> **DIRECTIONS FOR THIS TASK**:
The pictures get dropped, while every remaining part of the listing is copied exactly.

> **DATA SHOWN**:
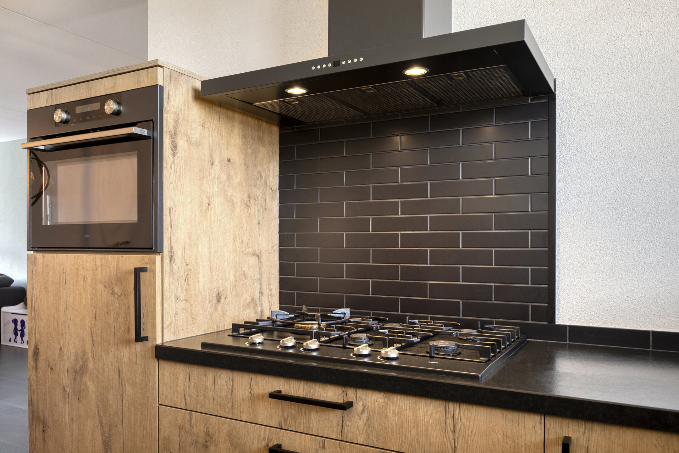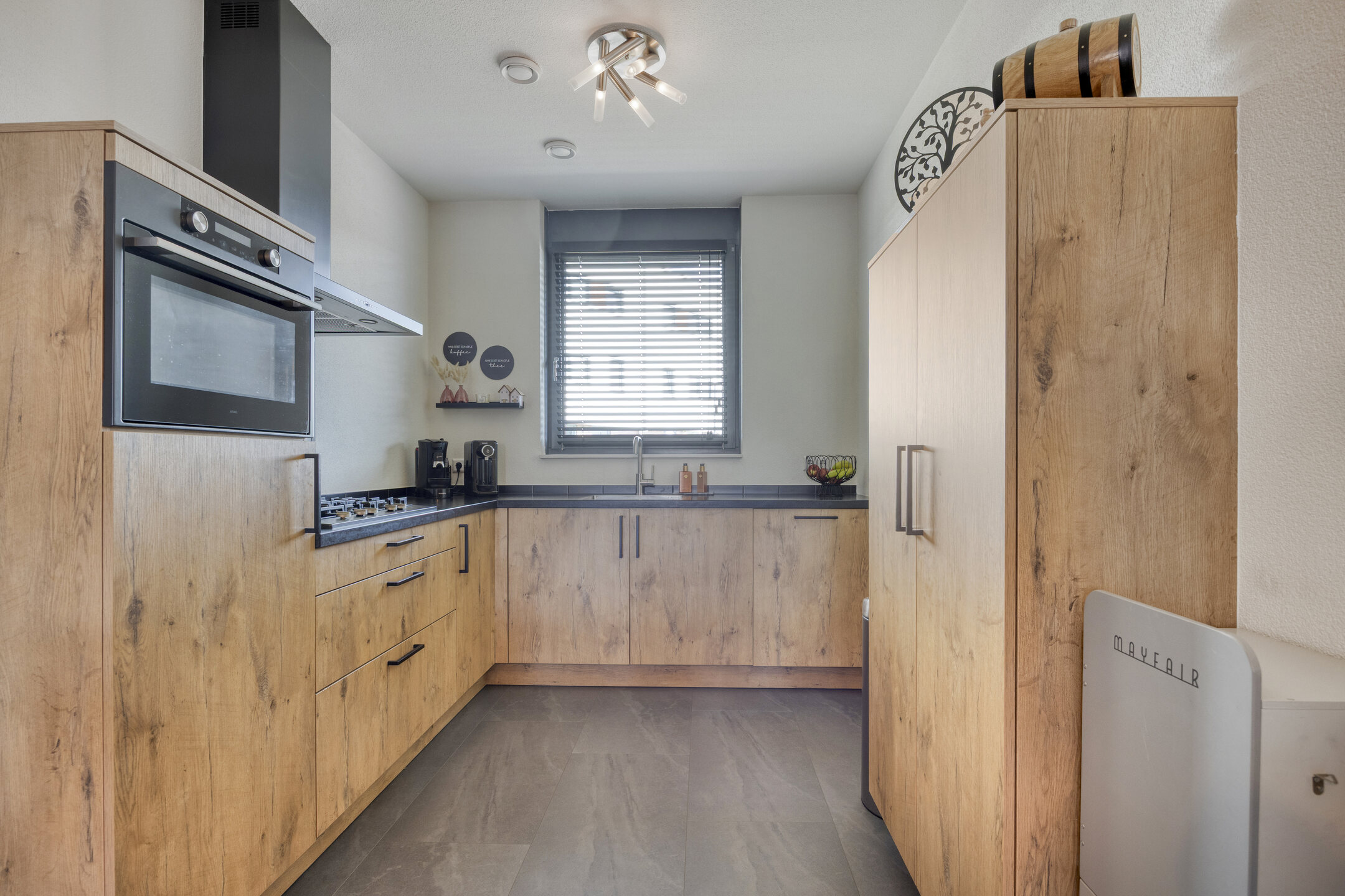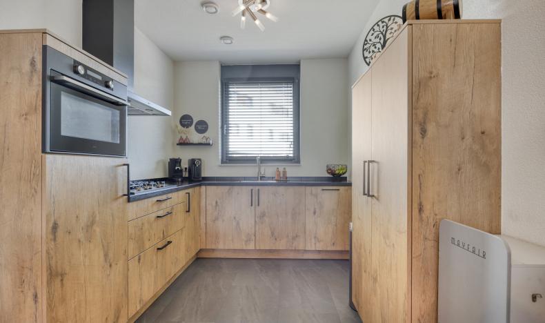 Keuken: De keuken in landelijke houtlook sluit naadloos aan bij de woonkamer. Het ruime L-vormige aanrechtblad biedt veel werkruimte en is voorzien van een gasfornuis, afzuigkap, vaatwasser en spoelbak. Verder beschikt de keuken over een ovencombinatie, koelkast en veel opbergmogelijkheden, waardoor koken hier een plezierige bezigheid wordt.
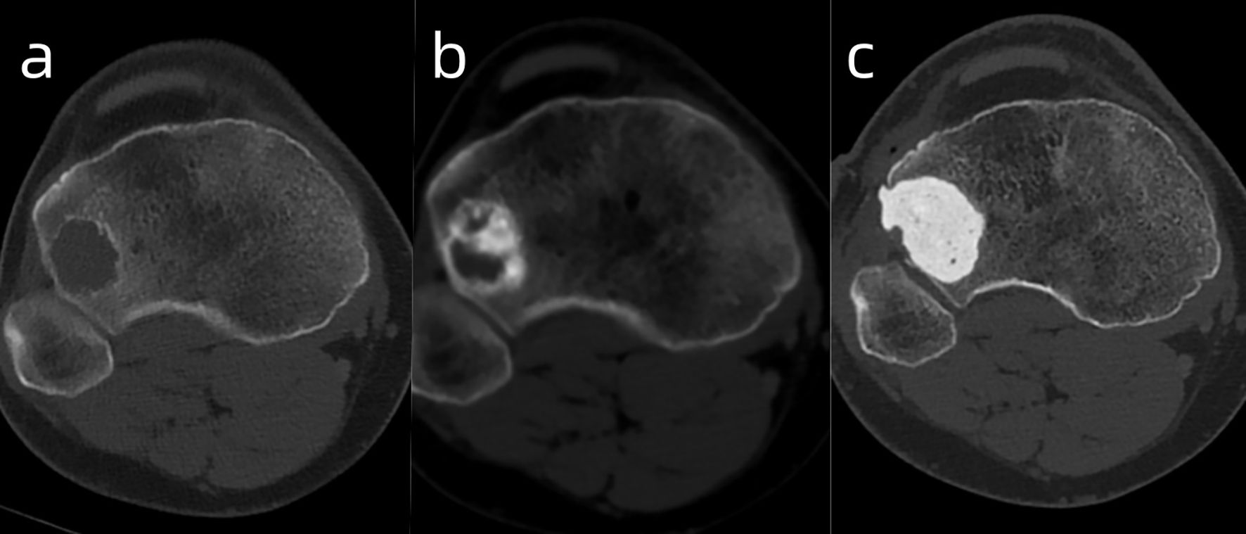 The patient was admitted to our hospital on April 11, 2024. A CT scan revealed a new giant cell tumor of the right proximal tibia (The third site)(Figure 2a). Surgical treatment was recommended; however, due to psychological fear of surgery, the patient was instead treated with denosumab (120 mg on Day 1, Day 8, and Day 15 of the first month, followed by one injection every 28 days, for a total of 12 injections).
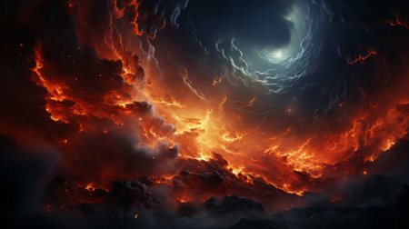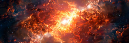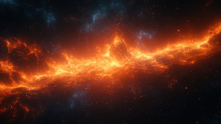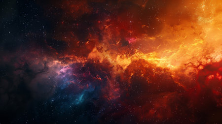 Celestial Firestorm Fiery Nebula in Deep Space, Vibrant Cosmic Clouds and Shimmering Stars

> **RESULT**:
 Keuken: De keuken in landelijke houtlook sluit naadloos aan bij de woonkamer. Het ruime L-vormige aanrechtblad biedt veel werkruimte en is voorzien van een gasfornuis, afzuigkap, vaatwasser en spoelbak. Verder beschikt de keuken over een ovencombinatie, koelkast en veel opbergmogelijkheden, waardoor koken hier een plezierige bezigheid wordt.
 The patient was admitted to our hospital on April 11, 2024. A CT scan revealed a new giant cell tumor of the right proximal tibia (The third site)(Figure 2a). Surgical treatment was recommended; however, due to psychological fear of surgery, the patient was instead treated with denosumab (120 mg on Day 1, Day 8, and Day 15 of the first month, followed by one injection every 28 days, for a total of 12 injections).
 Celestial Firestorm Fiery Nebula in Deep Space, Vibrant Cosmic Clouds and Shimmering Stars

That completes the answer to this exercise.